La stratosfera terrestre contiene una concentrazione di ozono, un gas costituito da tre atomi di ossigeno (O3) e che fornisce uno schermo nei confronti delle radiazioni ultraviolette provenienti dal sole. E’ un gas relativamente instabile. Ogni anno, durante la primavera dell’emisfero australe, la concentrazione dell’ozono stratosferico nell’area situata in prossimità del Polo Sud diminuisce per cause non ancora accertate. Sembrerebbe che a partire dalla metà degli anni settanta questo periodico assottigliamento assuma proporzioni sempre maggiori. Recentemente si è venuto a scoprire una altro buco, di dimensioni molto inferiori, in prossimità del Polo Nord. Di questo assottigliamento viene, con insufficienza di prove, accusato l’ inquinamento atmosferico derivato da combustione di idrocarburi.

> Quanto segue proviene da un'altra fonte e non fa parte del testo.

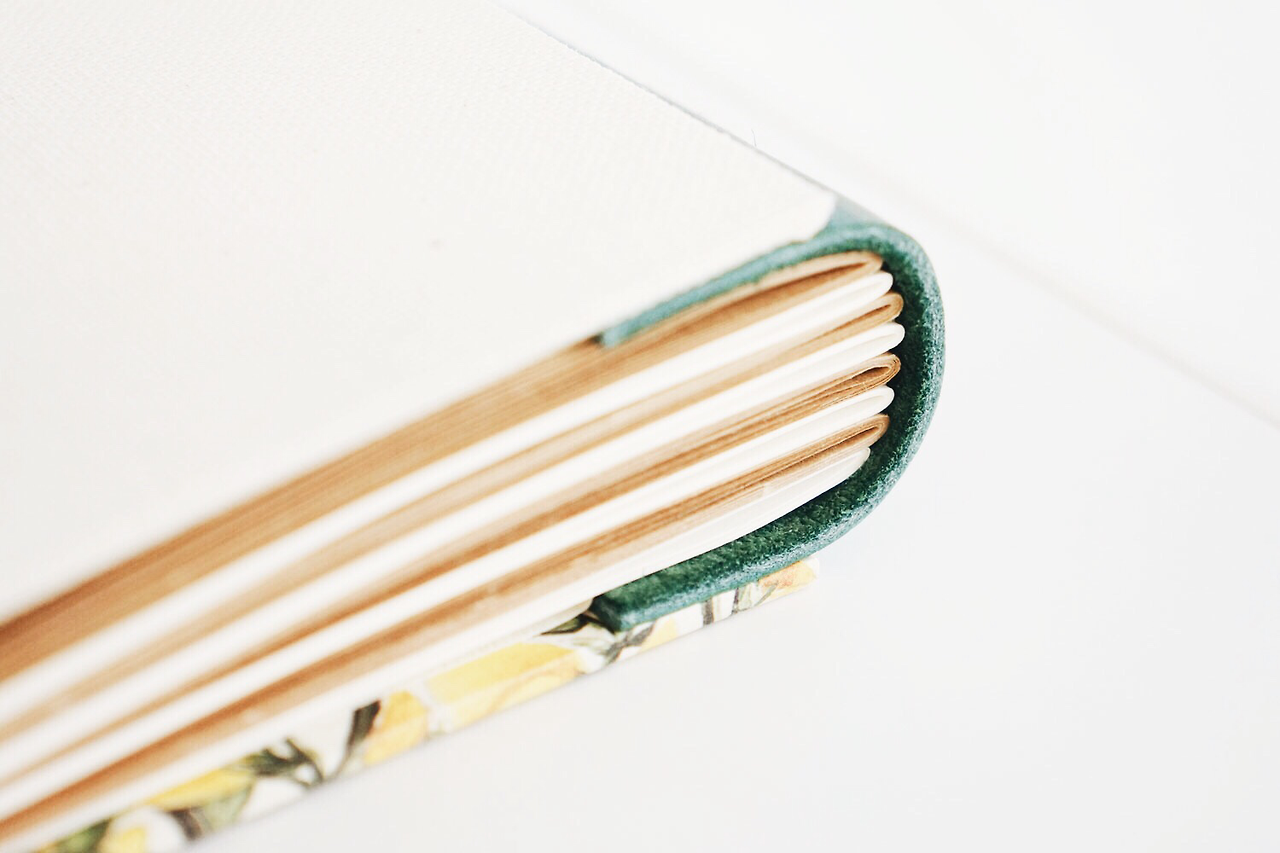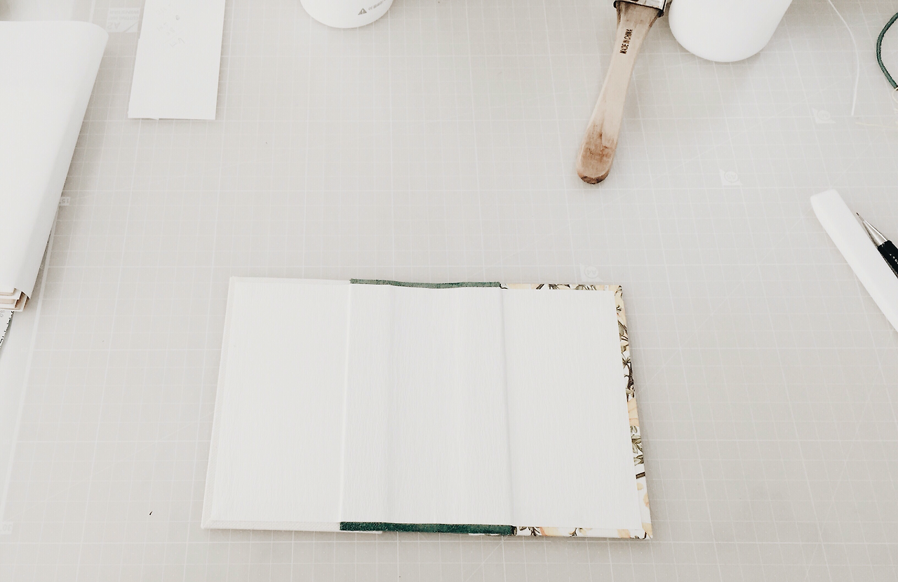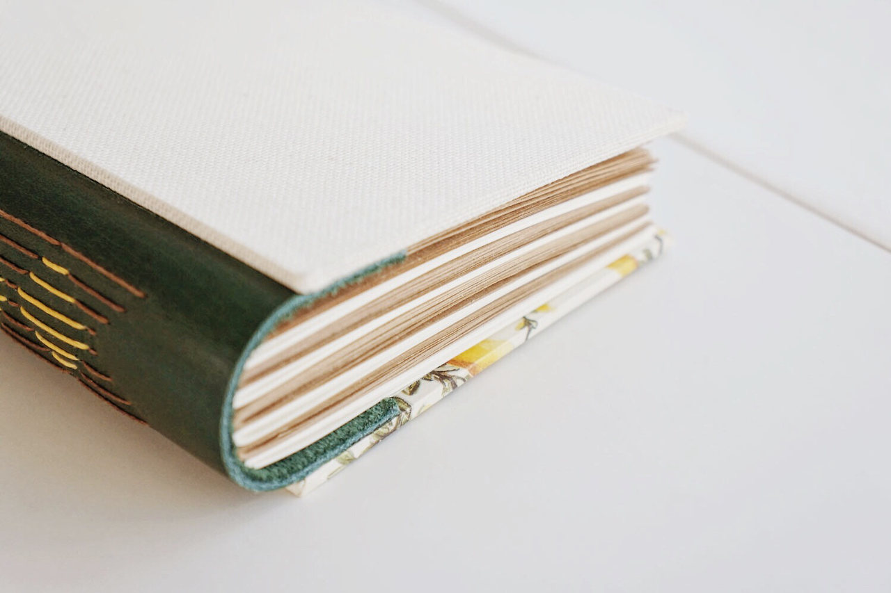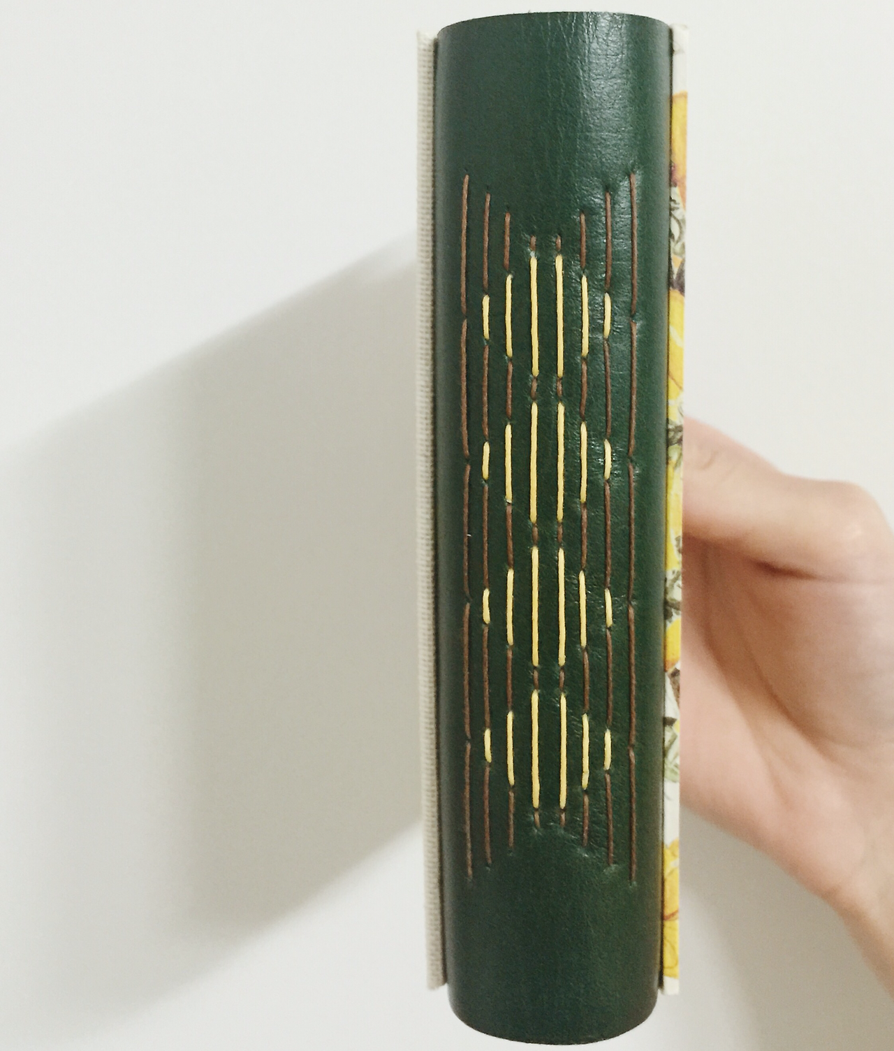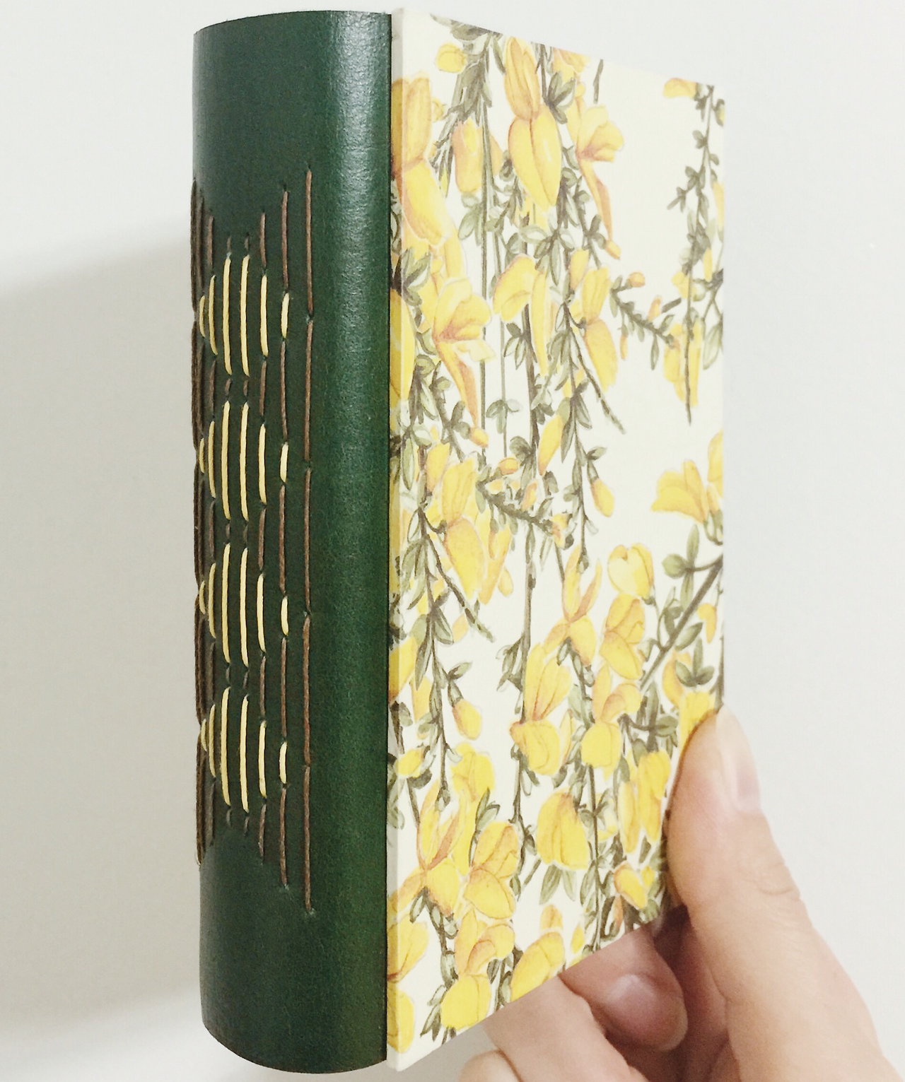 제가 플라워 패턴에 굉장히 열광하는지라 개나리가 한가득 피어있는 이탈리아 수입지를 골랐어요. 봄을 알리는 개나리. 첫 수업, 첫 노트와 잘 어울리는 종이죠? 노란 개나리와 어울릴 녹색 소가죽, 뒤표지로 린넨 느낌의 네덜란드 북클로즈Book cloth, 그리고 표지 안쪽의 면지End paper로 참나무 질감을 살린 종이를 사용했어요.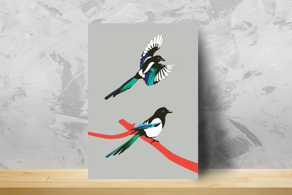 The enigmatic Magpie. Part of a series of Irish wildlife illustrations. They are imbued with Irish spirit and harness the power of colour to uplift and inspire.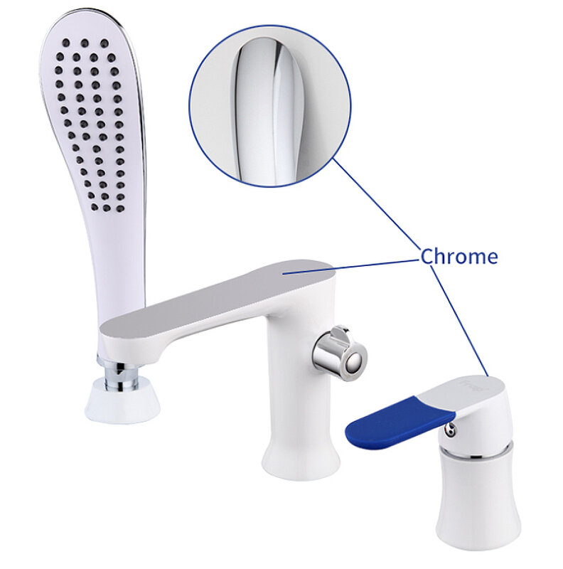 Лучшие цены. Смеситель на борт ванны Frap H34 F1134 с душевым гарнитуром. Характеристики: - Цвет: белый, хром. - Материал: латунь. - Управление: однорычажное. - Механизм: керамический картридж. - Излив: фиксированный. - Тип подводки: гибкая подводка. - Стандарт подводки: G 1/2. - Монтаж: на борт ванны. - Отверстия для монтажа: 3. - Выдвижная лейка душа. - Длина душевого шланга: 1.5 м. - Аэратор. В комплекте поставки: - Смеситель. - Душевой шланг. - Ручная лейка. - Набор накладок на ручку - 6 шт. Магазины в вашем городе.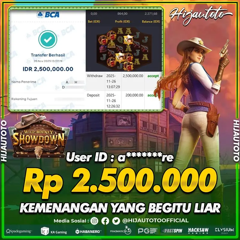 Selamat Kepada Member HIJAUTOTO A*******RE Telah Jackpot Di SLOT WILD
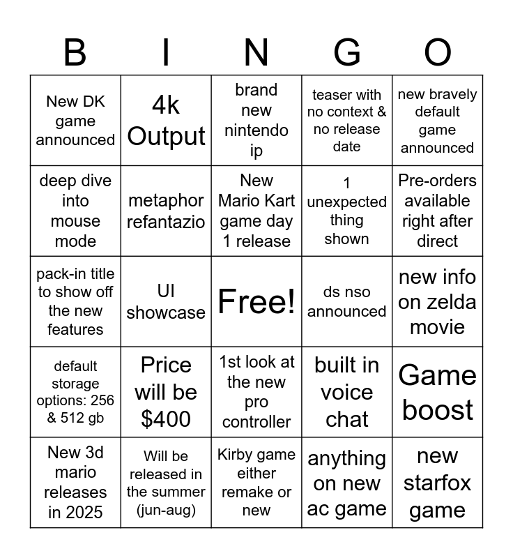 This bingo card has a free space and 24 words: Price will be $400, Will be released in the summer (jun-aug), New Mario Kart game day 1 release, New 3d mario releases in 2025, new bravely default game announced, New DK game announced, deep dive into mouse mode, 4k Output, ds nso announced, 1st look at the new pro controller, 1 unexpected thing shown, pack-in title to show off the new features, built in voice chat, Game boost, metaphor refantazio, anything on new ac game, new info on zelda movie, brand new nintendo ip, Pre-orders available right after direct, UI showcase, new starfox game, default storage options: 256 & 512 gb, teaser with no context & no release date and Kirby game either remake or new.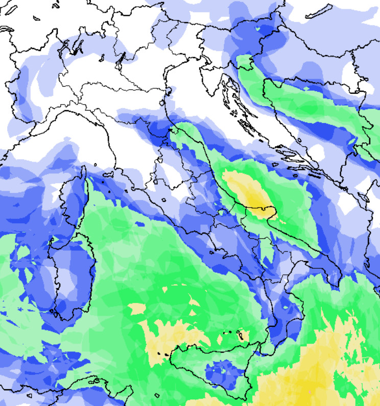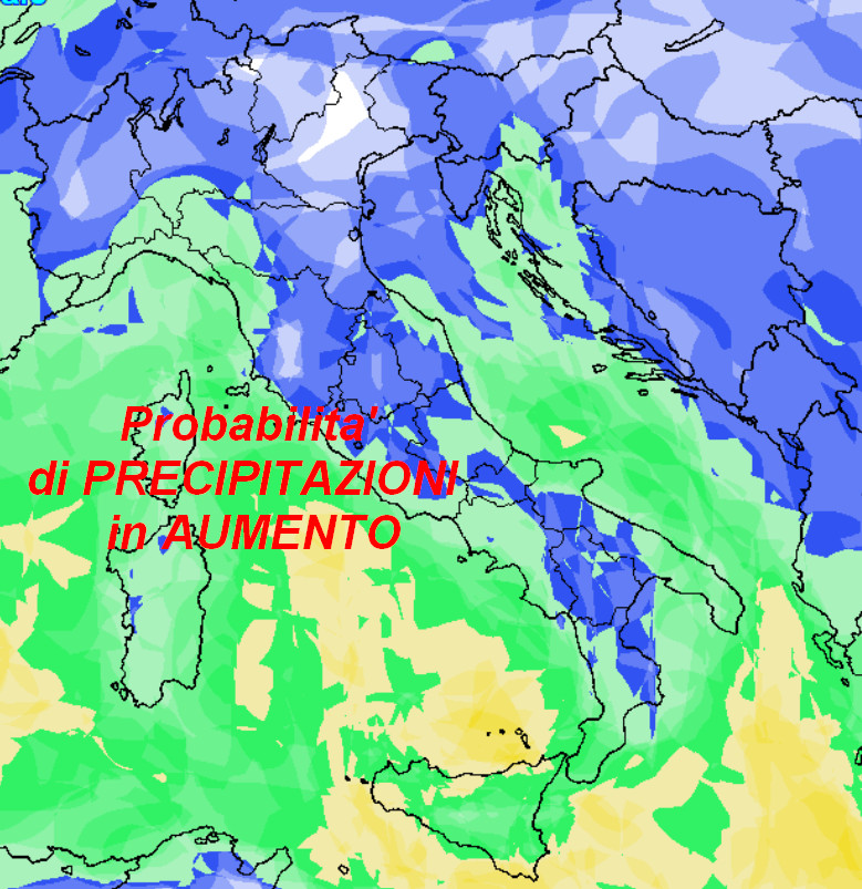 Notiamo un aumento della probabilità di piogge e/o nevicate in Italia durante il periodo suddetto, anche se vi saranno ancora zone con una probabilità di precipitazioni bassa, ma non del tutto assente.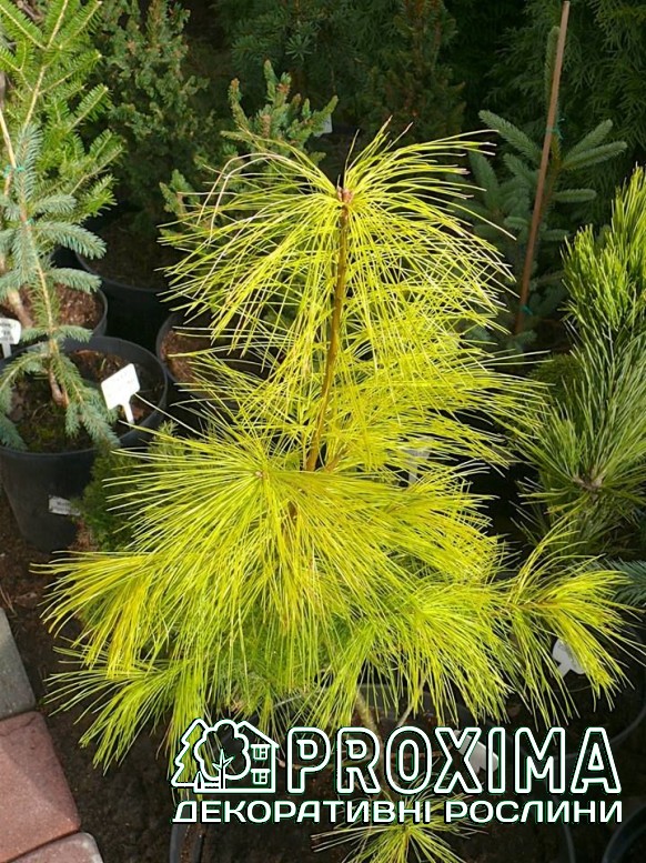 Купити сосну Веймутова Пасіфік Санрайз в Києві за низькими цінами можна в розсаднику рослин PROXIMA - найбільшої колекції декоративних рослин для українського клімату.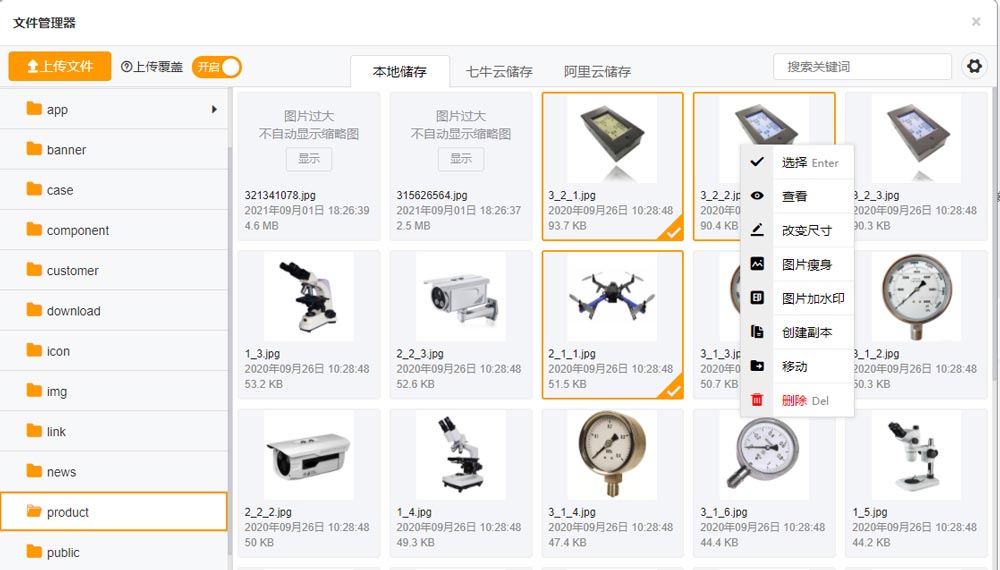 1、【增加】实现新版文件管理器弹框,可以管理本地、七牛云存储、阿里云存储;编辑文章时,可以直接从文件管理选择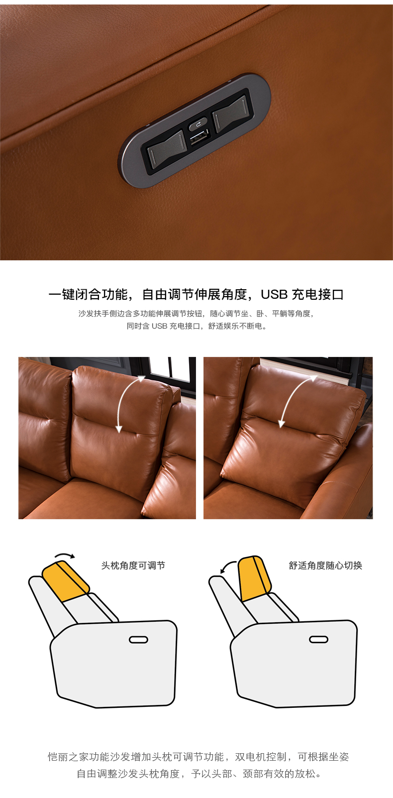 | 设计理念: | 该款电动功能三人沙发,接触面采用进口头层牛皮打造,赋予沙发更高的品质感和价值感;置于客厅,兼具时尚奢华的风范。东亚高回弹海绵,不易变形,软度与支撑度兼容;优质功能金属结构架,开合自如,经久牢固耐用;沙发采用金属脚支撑,稳固耐用,并增加耐磨防滑脚垫,保护地板、地毯不被划伤,兼具实用功能与时尚感。 |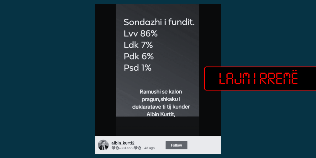 “Sondazhi i fundit. Lvv 86%, Ldk 7%, Pdk 6%, Psd 1%. Ramushi se kalon pragun, shkaku i deklaratave ti tij kunder Albin Kurtit,” shkruhet në publikimin e llogarisë “albin_kurti2” në TikTok.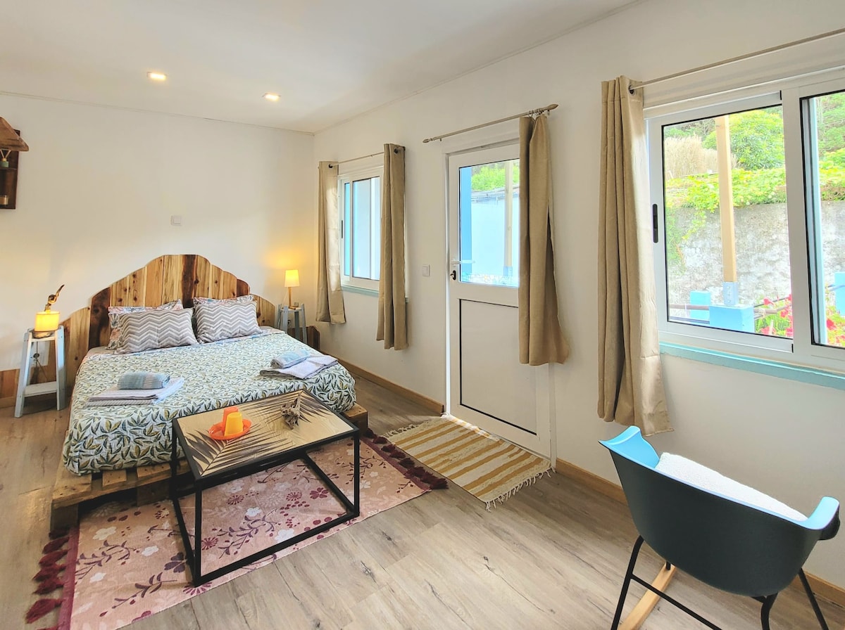 Walking distance from the main natural attractions in Furnas, this cozy & elegant studio, located in a quiet zone, is equipped with everything you'll need for an unforgettable experience, discovering one of the most amazing places you'll ever visit... It's perfect for couples (with up to 2 children) or a group of friends who have no problem sharing the same room.

La stranezza di questa imputazione sta nel fatto che, questi buchi si siano formati nelle due uniche vaste zone del globo dove non esistono ne’ industrie, ne’ traffico automobilistico, ne’ nessuna altra forma di combustione naturale o artificiale. Qualora ci rifiutassimo di supporre che il buco più grande, quello sul continente Antartico, si sia formato grazie all’abuso, da parte dei pinguini, di deodoranti in confezione spray, sarebbe perlomeno doveroso ricercare la ragione di questo assottigliamento dello strato dell’ozono, anche in altra direzione. Dato che la formazione della maggior parte dell’ozono della stratosfera avviene a più di 30 Km di altezza, in corrispondenza della zona equatoriale, dove risulta più rilevante l’irraggiamento solare, l’assottigliamento dello strato d’ozono nelle zone polari potrebbe essere, dopotutto, una conseguenza del tutto naturale.
E’ comunque consigliabile, per chi durante le vacanze volesse dedicarsi ai bagni di sole, di non scegliere come meta balneare le due zone polari, per evitare di esporsi a pericolose radiazioni ultraviolette.
Tutto ciò, ben s’intenda, non ci concede il diritto di dormire tra due guanciali. I problemi esistono e sono seri. Forse non tanto quelli più lontani da noi, come l’effetto serra o i buchi nell’ ozonosfera o lo scioglimento dei ghiacciai, bensì quelli relativi a forme d’inquinamento dannoso alla nostra salute, all’espansione di sostanze cancerogene, alle radiazioni nucleari. A tutte quelle forme di produzione energetica ed industriale, insomma, il cui abuso e lo sperpero in eccessi di superfluo, riempiono ospedali e cimiteri.
Il fine della scienza applicata, dovrebbe essere quello di intraprendere una svolta radicale nella ricerca energetica, in un’area neutra, scevra dal giogo sporco e meschino di chi la frena e continua ad avvelenare il mondo, riempiendosi le tasche e la borsa, già colme.